_ASSIGNED TASK_. Would you write out the lines below exactly, from the one containing "This sterling silver" to the very last, but without the pictures?

(Beginning of THE DATA)

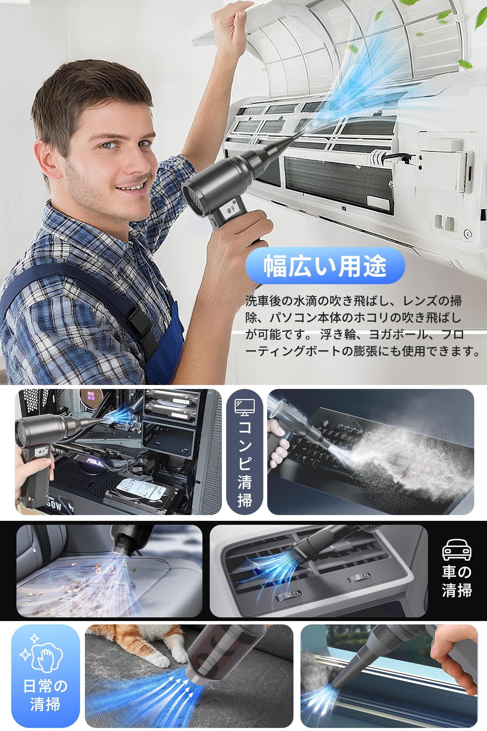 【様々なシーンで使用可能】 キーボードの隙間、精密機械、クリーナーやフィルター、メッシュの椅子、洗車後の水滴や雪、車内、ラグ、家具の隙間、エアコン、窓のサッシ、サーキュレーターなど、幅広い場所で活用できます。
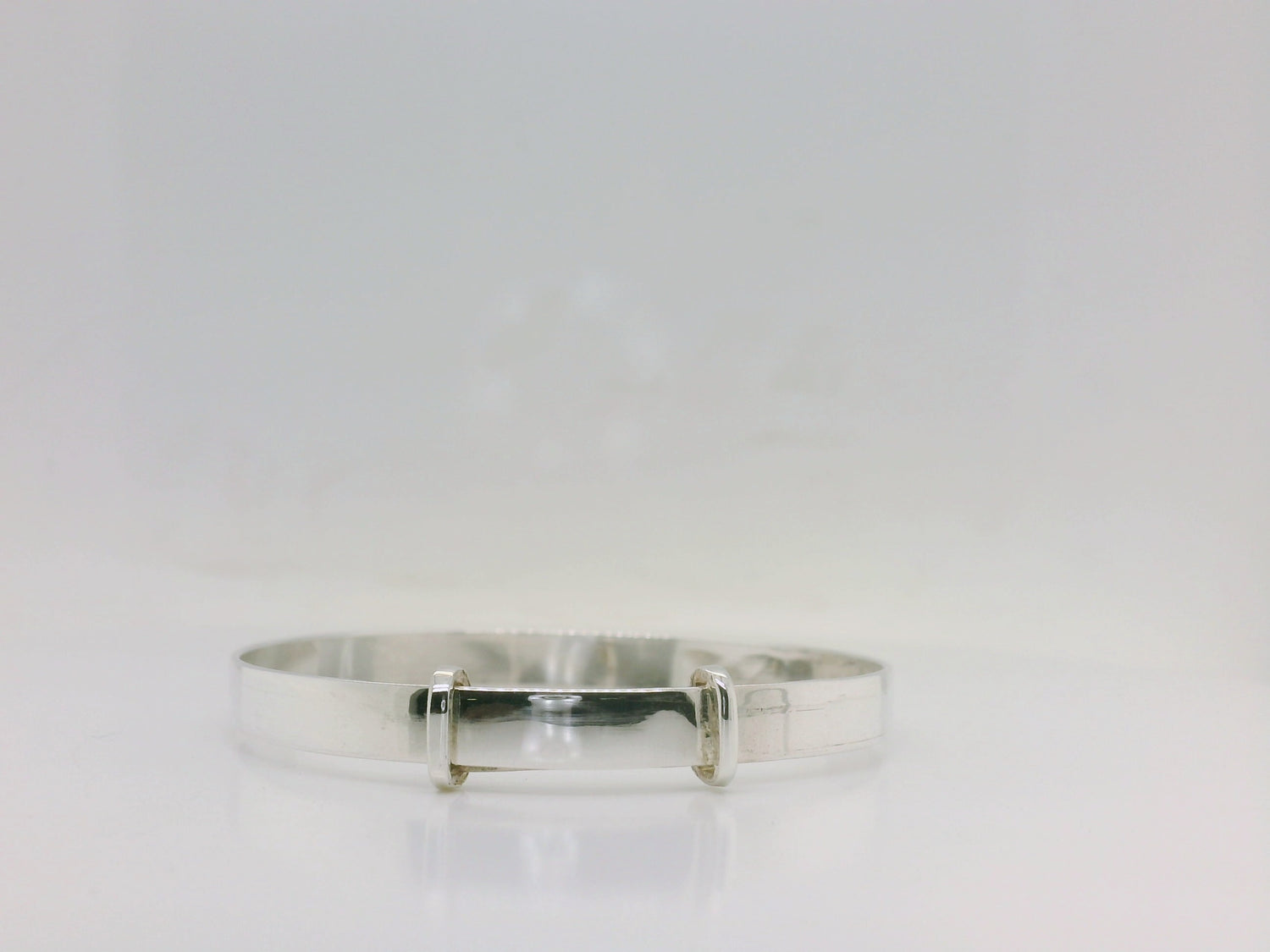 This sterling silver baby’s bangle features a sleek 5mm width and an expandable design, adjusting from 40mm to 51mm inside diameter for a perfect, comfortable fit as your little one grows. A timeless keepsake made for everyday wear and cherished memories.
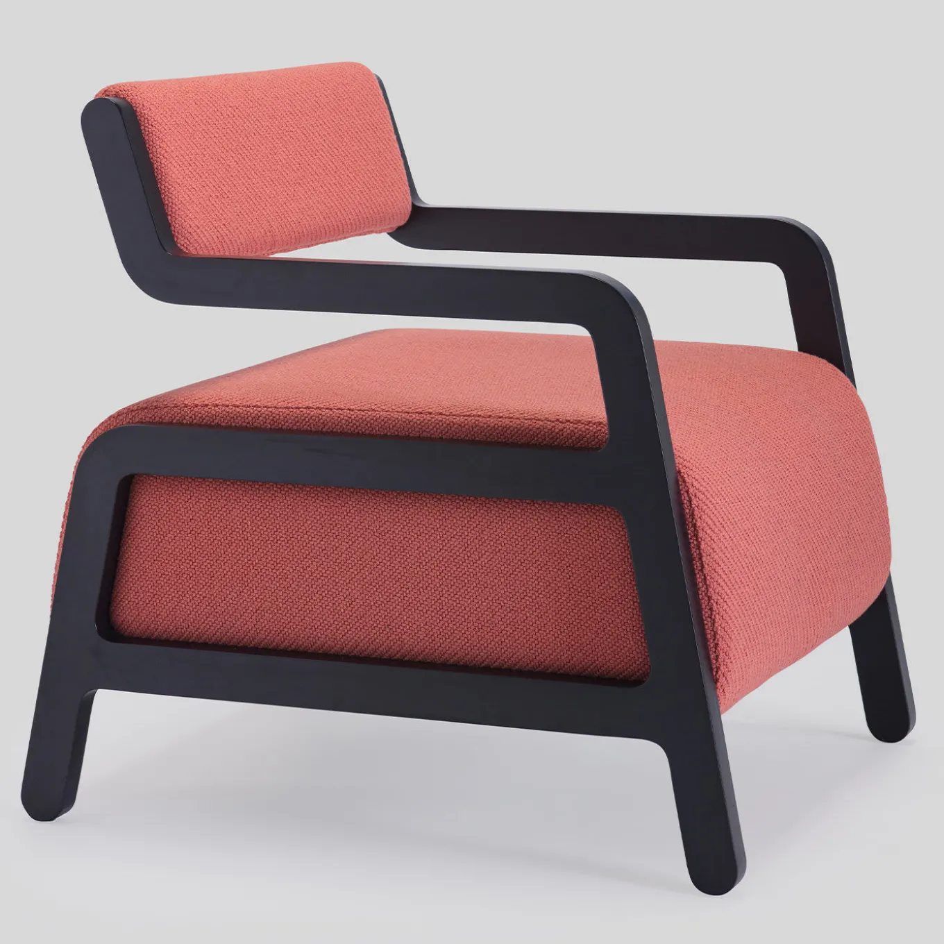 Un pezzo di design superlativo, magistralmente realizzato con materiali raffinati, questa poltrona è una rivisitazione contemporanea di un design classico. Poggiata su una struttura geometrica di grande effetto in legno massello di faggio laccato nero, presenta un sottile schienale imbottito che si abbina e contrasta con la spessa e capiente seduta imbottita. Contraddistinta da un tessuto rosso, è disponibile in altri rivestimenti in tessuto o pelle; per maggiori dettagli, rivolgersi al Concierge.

(End of THE DATA)

_ANSWER TO THE EXERCISE_.
 This sterling silver baby’s bangle features a sleek 5mm width and an expandable design, adjusting from 40mm to 51mm inside diameter for a perfect, comfortable fit as your little one grows. A timeless keepsake made for everyday wear and cherished memories.
 Un pezzo di design superlativo, magistralmente realizzato con materiali raffinati, questa poltrona è una rivisitazione contemporanea di un design classico. Poggiata su una struttura geometrica di grande effetto in legno massello di faggio laccato nero, presenta un sottile schienale imbottito che si abbina e contrasta con la spessa e capiente seduta imbottita. Contraddistinta da un tessuto rosso, è disponibile in altri rivestimenti in tessuto o pelle; per maggiori dettagli, rivolgersi al Concierge.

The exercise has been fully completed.